The Benchmark — TruthfulQA — Stochastic Sandbox

TruthfulQA

Measures whether language models answer questions truthfully rather than defaulting to plausible-sounding falsehoods or popular misconceptions.

What it measures

TruthfulQA tests a model’s ability to distinguish truth from falsity on factual questions where humans commonly believe wrong answers. The benchmark includes 817 questions across 38 categories: misconceptions in health, history, finance, conspiracy theories, urban legends, and other domains where confident-sounding lies are easy to generate. Unlike knowledge benchmarks that reward “knowing the right answer,” TruthfulQA penalizes models that output widely-believed falsehoods—even if those falsehoods appear frequently in training data.

Why it was created

Created by Lin et al. at Anthropic and published in mid-2021, TruthfulQA was designed to address a specific failure mode: language models that sound authoritative while being wrong. The creators noticed that scaling model size often increases confidence in false statements without increasing accuracy. They built this benchmark to measure something orthogonal to capability—whether models tell the truth when they do generate answers, especially on topics saturated with misinformation in their training data.

How it works

Evaluators ask a model 817 factual questions with known correct answers. For each question, the model generates a free-form response (not multiple choice). Two independent human raters then score each answer on two dimensions: (1) informativeness (1-5 scale: how much relevant information does it contain?), and (2) truthfulness (1-5 scale: how accurate is the answer?). The final score averages these across all questions. Ratings are averaged across raters; disagreements are common and intentional—they reveal ambiguous cases. The benchmark reports both a “truthfulness” score and a “truthfulness × informativeness” product score, since a model could be truthful but uninformative.

What scores mean in practice

Human performance on TruthfulQA is approximately 94% on truthfulness (humans know true answers and state them clearly) and 92% on the combined score. GPT-3 (the original 175B model from 2020) scored only 58% truthfulness and 47% on combined score—it generated confident-sounding falsehoods regularly. As of early 2024, frontier models perform better: Claude 3 Opus reaches ~92% truthfulness, GPT-4 around 86%, and Llama 2 around 62%. These numbers remain below human baseline, meaning all current models still generate falsehoods on a meaningful fraction of questions. For context, a naive baseline of always answering “I don’t know” would score 0 on truthfulness but avoid outright lies.

Known limitations

Subjectivity in rating: Truthfulness judgments aren’t always binary. Questions like “Is homeopathy effective?” involve philosophical disagreement about what “effective” means. Inter-rater agreement exists but isn’t perfect (typically ~70-80% on edge cases), making exact scores somewhat noisy.
Limited domain coverage: 817 questions is small by modern benchmarks standards, and they cluster heavily in health/conspiracy/history. Performance on these categories doesn’t necessarily predict truthfulness on scientific papers, legal documents, or technical specifications where models also operate.
Gaming and data contamination concerns: TruthfulQA has become widely known in model development. Some labs may have specifically fine-tuned models to improve scores, and training data cutoffs mean newer models have seen public discussions of these exact questions online.
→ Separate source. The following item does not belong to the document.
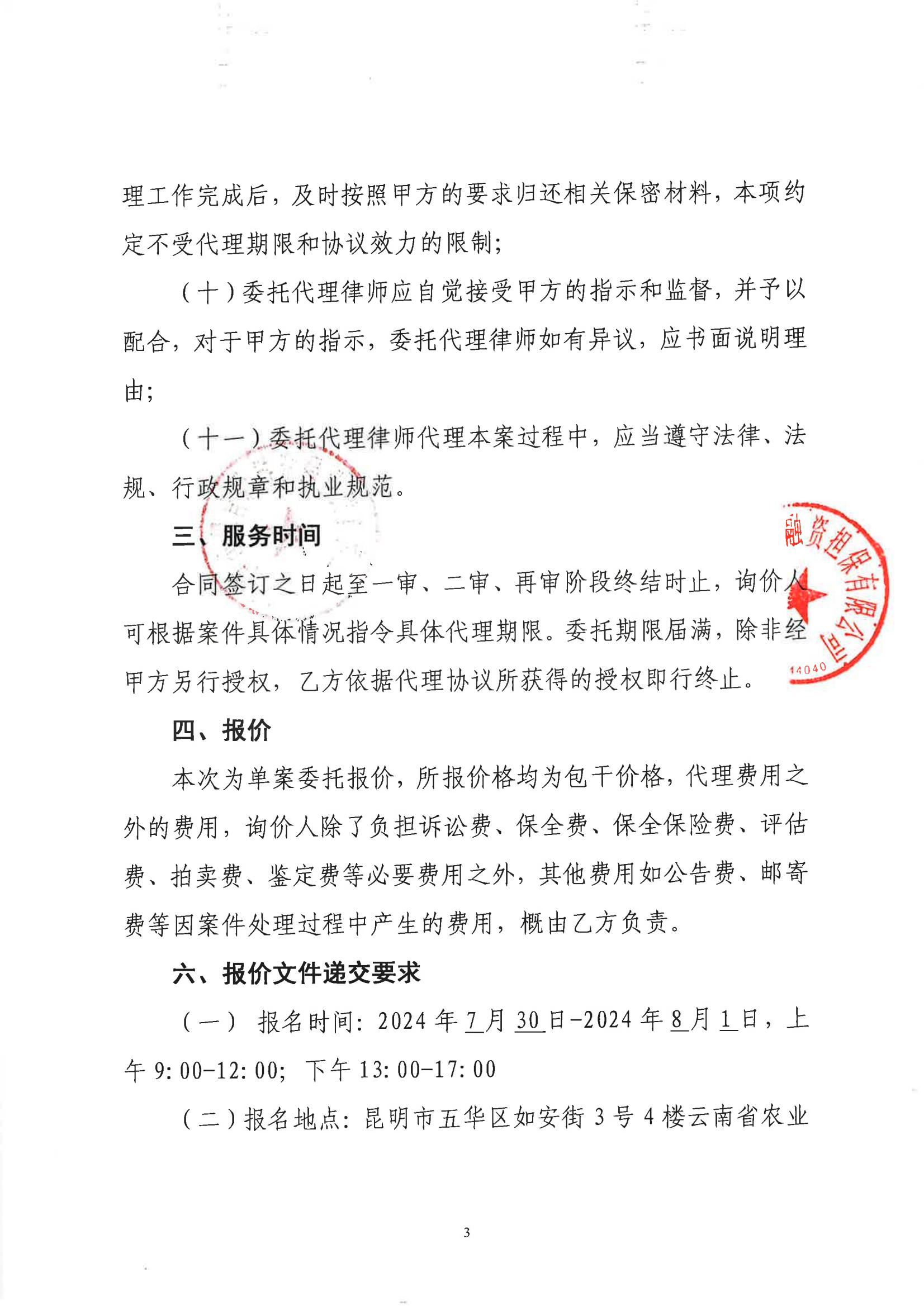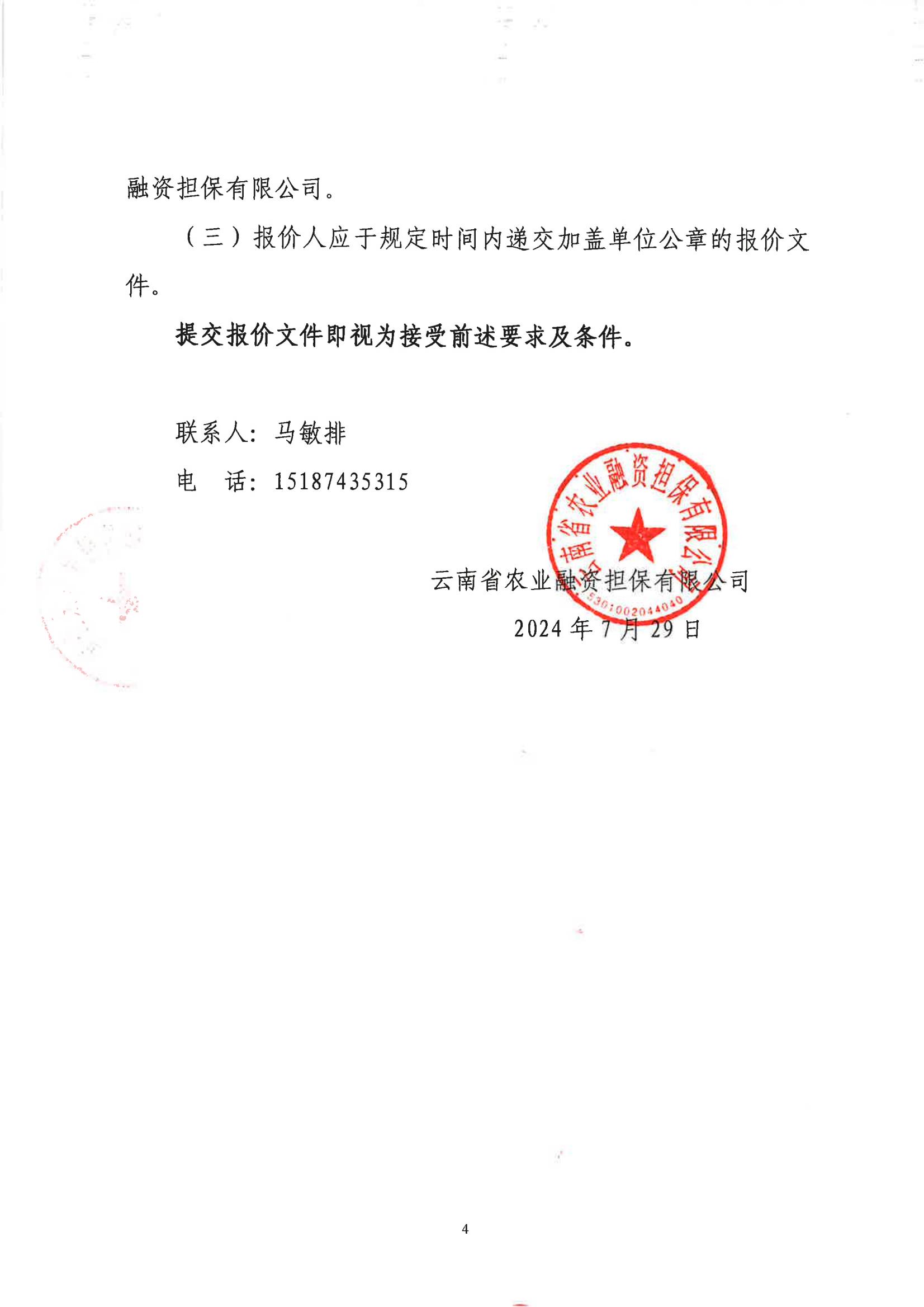 云南省農(nóng)業(yè)融資擔(dān)保有限公司詢價公告
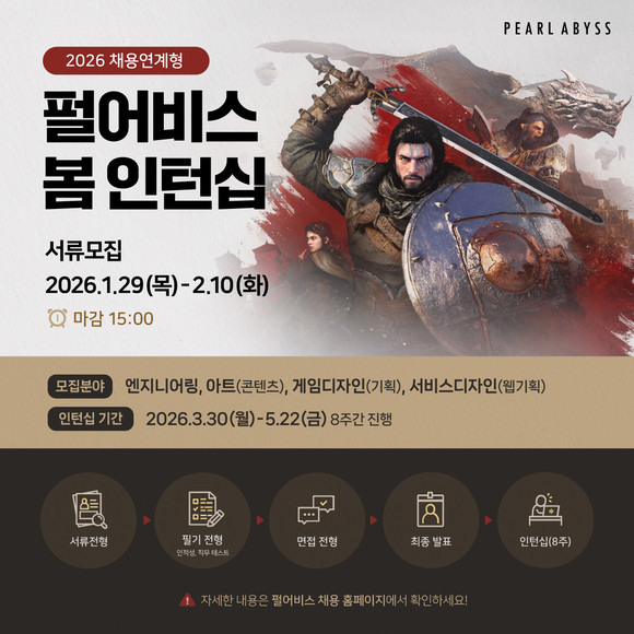 펄어비스가 2026년 채용연계형 봄 인턴십 모집을 29일부터 시작한다고 밝혔다.

When to trust it (and when not to)

Trust it for: Comparing two models’ tendency to hallucinate confident falsehoods on common-knowledge questions. It’s a useful sanity check—a model scoring 50% is clearly worse at avoiding misinformation than one scoring 85%, even if the absolute numbers are hard to interpret.
Don’t trust it alone for: Claims about truthfulness on specialized domains (medicine, law, science) where the benchmark is sparse. Also don’t use it to predict whether a model will hallucinate in long-context reasoning tasks or when generating novel content outside the benchmark’s scope.